The turn ratios of the first winding 210, the second winding 220 and the third winding 230 of the coil 200, which are wound in a zig-zag fashion around the first leg 110 a, the second leg 110 b and the third leg 110 c, may be 1:1:1:1:1 or 1:2:2:2:1, respectively. That is, for example, the turn ratio of the first winding 210 wound in a zig-zag fashion around the first leg 110 a and the third 110 c in the order of the first leg 110 a, the third leg 110 c, the first leg 110 a, the third leg 110 c and the first leg 110 a may be 1:1:1:1:1 or 1:2:2:2:1. But, the turn ratio of the first winding 210 is not limited thereto, and it is obvious that the first winding 210 can be wound in various turn ratios within a range which can be implemented by a person of ordinary skill in the art to which the present invention pertains.
Now, the physical structure of the power quality improvement device according to one embodiment of the present invention will be described hereinafter in detail with reference to FIGS. 3 to 5.
FIG. 4 is a perspective view illustrating a power quality improvement device according to one embodiment of the present invention, and FIG. 5 is a top plan view of the power quality improvement device shown in FIG. 4.
Referring to FIGS. 3 to 5, the power quality improvement device 10 according to one embodiment of the present invention is constructed such that the first winding 210, the second winding 220 and the third winding 230 of the coil 200 are wound in a zig-zag fashion around the first leg 110 a, the second leg 110 b and the third leg 110 c of the core 110 as described above.

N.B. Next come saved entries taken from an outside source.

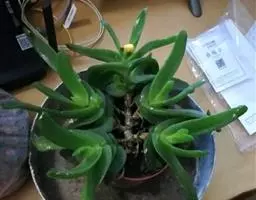 照波,番杏科多肉植物、 此种生长较快,栽培容易,细长的浓绿色叶3厘米左右,开黄色花。 浇水也是以干湿交替进行,但要防止长期干旱与湿涝。夏季高温需遮阴,忌暴晒。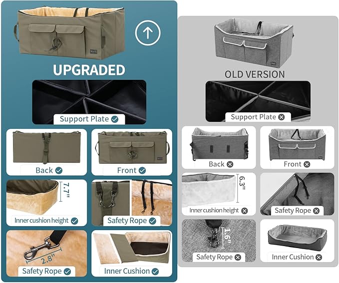 - Reduces distracted driving: The pet car seat large is designed with safety belts to fix the seat to prevent it from sliding in the car, and a ring to hook the dog's harness too so it wont jump out, reducing the possibility of distraction when you driving.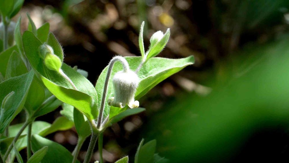 早朝のクレマチス・コアクチリス(インテグリフォリア系)です。朝日を浴びて光り輝いています。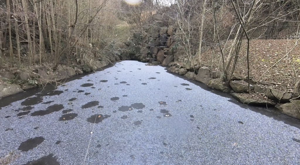 道中、ふと横を見ると池がカチカチに凍りついていました。 かつて、追っ手の足音に怯えながら皇子たちがこの地で過ごした1600年前。この厳しい寒さの中で何を思い、どのような夜を明かしたのか……凍った池を目の当たりにすると、その過酷さがリアリティを持って肌に伝わってきます。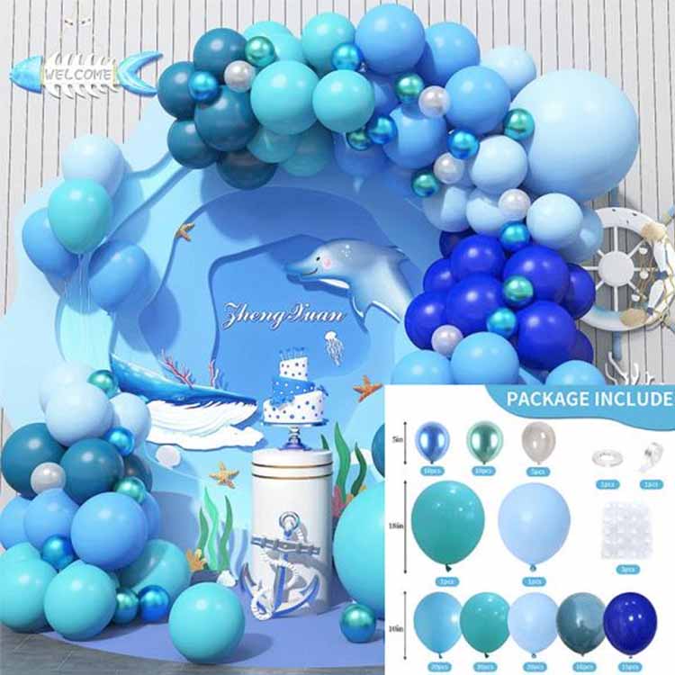 सागरी बलून सेट ही "सागरी पर्यावरणशास्त्र" या संकल्पनेवर आधारित विकसित केलेली लँडस्केप सजावट आहे. रंग, आकार आणि ॲक्सेसरीजच्या समन्वित वापराद्वारे, ते समुद्राचे रहस्य आणि चैतन्य मूर्त रूप देते. वाढदिवसाच्या मेजवानीसाठी, मुलांच्या खोल्या, महासागराच्या थीमवर आधारित कार्यक्रम, शॉपिंग मॉल विंडो डिस्प्ले आणि इतर प्रसंगांसाठी योग्य, हे शोभेचे आणि परस्परसंवादी दोन्ही आहे, ज्यामुळे ते विशेषतः कुटुंबे, पार्टी नियोजक आणि थीम असलेली कार्यक्रम आयोजकांमध्ये लोकप्रिय होते.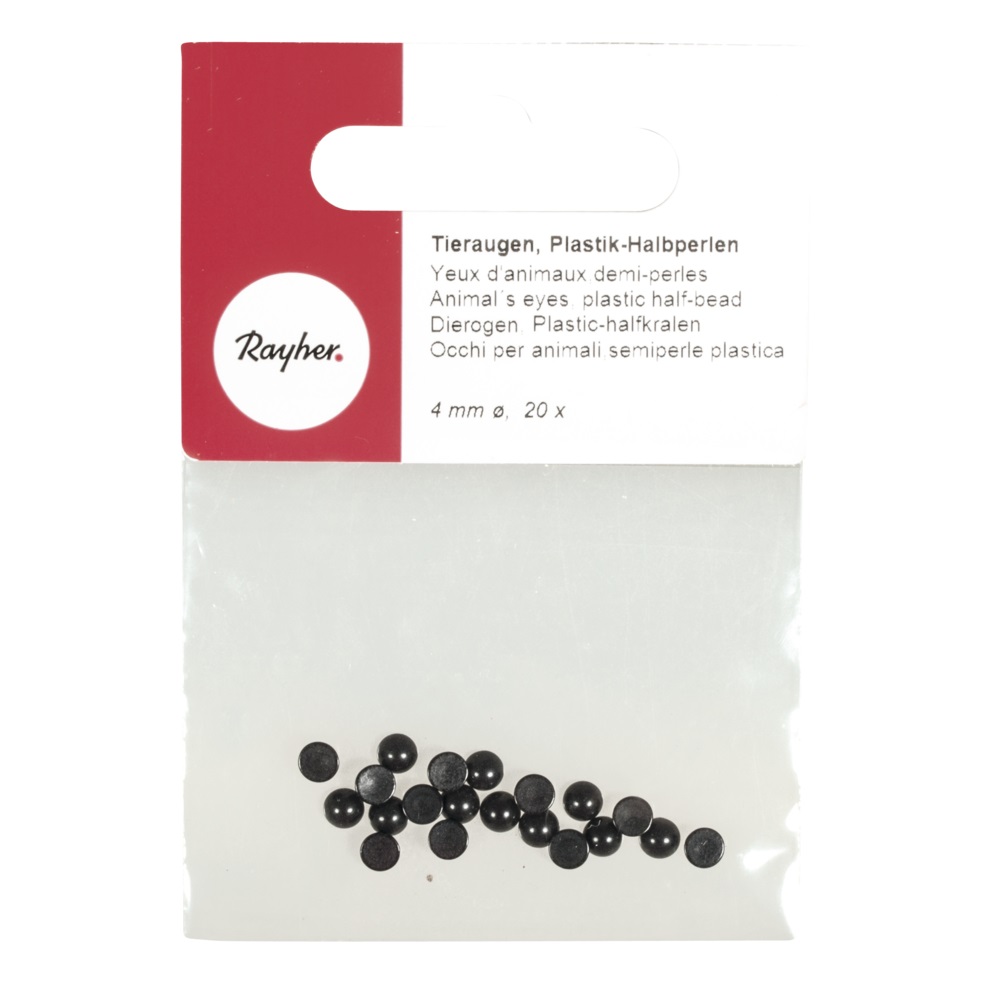 Yeux d'animaux en plastique - Demi perles - A coller - 4 mm - Noir - 20 pièces - Rayher

In this case, two types of windings selected from the group consisting of the first winding 2100, the second winding 220 and the third winding 230 of the coil 200 are wound alternately around the first leg 110 a, the second leg 110 b and the third leg 110 c, respectively. That is, the two types of windings wound around the first leg 110 a, the second leg 110 b and the third leg 110 c, respectively, may be wound in an overlapping manner around the core 110 in the winding order.
Herein, the winding of the two types of windings in an overlapping manner around the core 110 means that the two types of windings are wound overlappingly on a plane perpendicular to an axis of any one of the first leg 110 a, the second leg 110 b and the third leg 110 c as shown in FIGS. 4 and 5. In other words, it has been shown in FIG. 3 that the first winding 210, the second winding 220 and the third winding 230 of the coil 200 are wound at different positions on the first leg 110 a, the second leg 110 b and the third leg 110 c in order to describe a winding method. However, the power quality improvement device 10 according to one embodiment of the present invention is actually constructed such that the first winding 210, the second winding 220 and the third winding 230 of the coil 200 are wound in an overlapping manner around the respective legs 110 a, 110 b, and 110 c in the winding order as shown in FIGS. 4 and 5.
In this case, two types of windings selected from the group consisting of the first winding 2100, the second winding 220 and the third winding 230 of the coil 200 can be wound alternately around each of the first leg 110 a, the second leg 110 b and the third leg 110 c. A winding, which is first wound around each of the first leg 110 a, the second leg 110 b and the third leg 110 c, can be wound around each leg while abutting against each leg. In addition, the two types of windings wound alternately around each of the first leg, the second leg and the third leg can be wound such that there is an increase in a separation distance between the windings and each leg 110 a, 110 b or 110 c around which the two types of windings are wound in the winding order.
More specifically, the first winding 210, the second winding 220, the first winding 210, the second winding 220 and the first winding 210 are sequentially wound in an overlapping manner around the first leg 110 a. In this case, the wound windings are wound so as to be insulated from each other. That is, the first winding 210, the second winding 220, the first winding 210, the second winding 220 and the first winding 210 sequentially wound around the first leg 110 a are formed in such a fashion as to be spaced apart from each other at predetermined intervals such that they are insulated from each other.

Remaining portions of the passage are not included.